With the pictures left out, retype exactly the lines below starting at the line that contains "Обережное кольцо из" and ending at the line that contains "Для расчета малосигнального".

AVAILABLE RECORDS -
▬▬▬

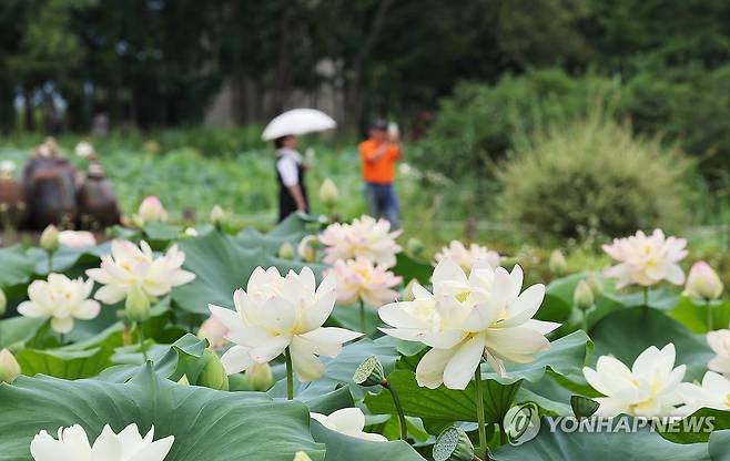 (양평=연합뉴스) 홍기원 기자 = 13일 연꽃문화제가 열리고 있는 경기도 양평군 세미원을 찾은 시민들이 활짝 핀 연꽃을 감상하고 있다. 2025.7.13
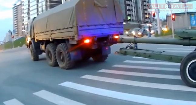 В Интернете набирает популярность видеоролик, на котором гаубица отцепляется от КамАЗа и катится на толпу зазевавшихся пешеходов прямо посреди города.
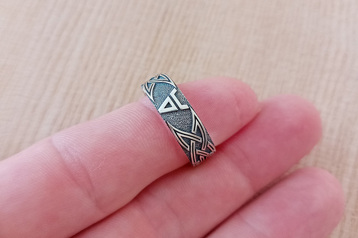 Обережное кольцо из золота со Славянскими символами
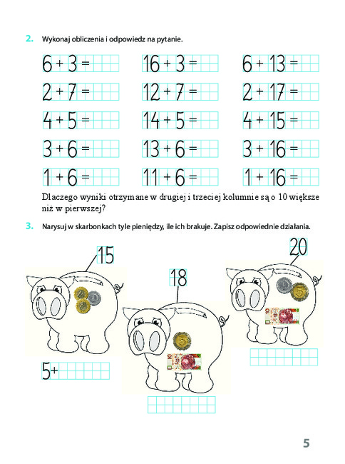 Zadania do rozwiązania to zbiór zadań matematycznych i logicznych. Są to m.in.: zadania doskonalące umiejętność dodawania i odejmowania liczb, zadania na mnożenie i dzielenie, zadania z treścią. Dodatkowo zadania trudniejsze i nietypowe są oznaczone specjalną ikoną. Publikacja wprowadza dziecko w świat umiejętności i pojęć, które pozwolą mu zrozumieć i rozwiązywać sytuacje problemowe towarzyszące mu w jego życiu codziennym.
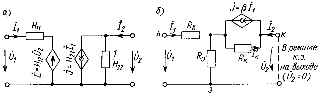 Для расчета малосигнального режима в электронной цепи, в котором рассматриваются только переменные составляющие токов и напряжений, используются схемы замещения транзистора. В области низких и средних частот описание транзистора системой гибридных уравнений приводит к резистивной схеме рис. 14.4, а. Распространена также одногенераторная схема (рис. 14.4, б). Параметры первой схемы непосредственно выражаются через H-параметры транзистора.
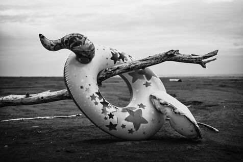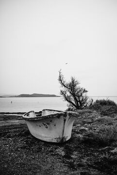 France, Sigean and surrounding area, September 2024. On the beach, a few starfish, shells, the muffled sound of our footsteps. Snatches of conversation here and there, interspersed with long silences. Here, the remains of a dolphin ooze into the sand. The scene resonates, vibrates, impacts my thoughts.
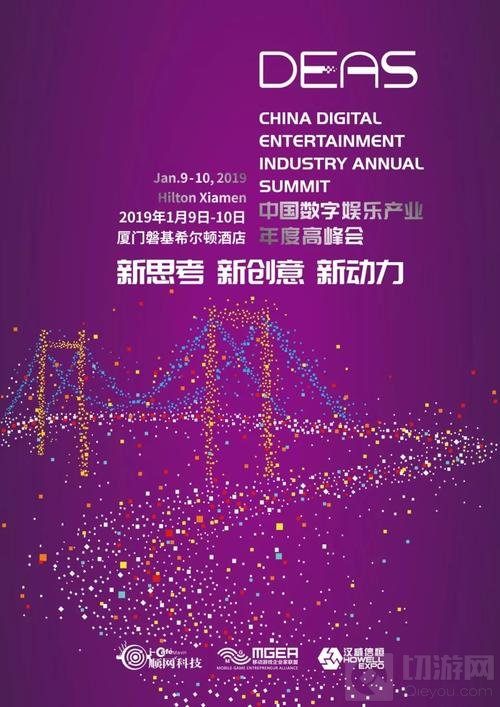 在厦门市人民政府指导下,第五届中国数字娱乐产业年度高峰会(DEAS)定于2019年1月9日至10日在厦门磐基希尔顿酒店举行。本届DEAS以“新思考 新创意 新动力”为主题,深刻剖析独具中国特色的政策环境、发展战略和总体思路,从多个维度全景呈现数字娱乐产业融合的诸多业态,并回望过去一年来产业快速发展的成果,进而预测未来一年数字娱乐产业发展的新方向,寻找下一个即将涌现的产业风口,促进我国数字娱乐产业健康、有序、快速发展。
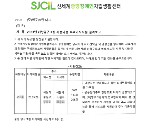 2023년 5월 29일 66호, 113호, 208호 무료이사지원서비스

▬▬▬

EXPECTED ANSWER -
 Обережное кольцо из золота со Славянскими символами
 Zadania do rozwiązania to zbiór zadań matematycznych i logicznych. Są to m.in.: zadania doskonalące umiejętność dodawania i odejmowania liczb, zadania na mnożenie i dzielenie, zadania z treścią. Dodatkowo zadania trudniejsze i nietypowe są oznaczone specjalną ikoną. Publikacja wprowadza dziecko w świat umiejętności i pojęć, które pozwolą mu zrozumieć i rozwiązywać sytuacje problemowe towarzyszące mu w jego życiu codziennym.
 Для расчета малосигнального режима в электронной цепи, в котором рассматриваются только переменные составляющие токов и напряжений, используются схемы замещения транзистора. В области низких и средних частот описание транзистора системой гибридных уравнений приводит к резистивной схеме рис. 14.4, а. Распространена также одногенераторная схема (рис. 14.4, б). Параметры первой схемы непосредственно выражаются через H-параметры транзистора.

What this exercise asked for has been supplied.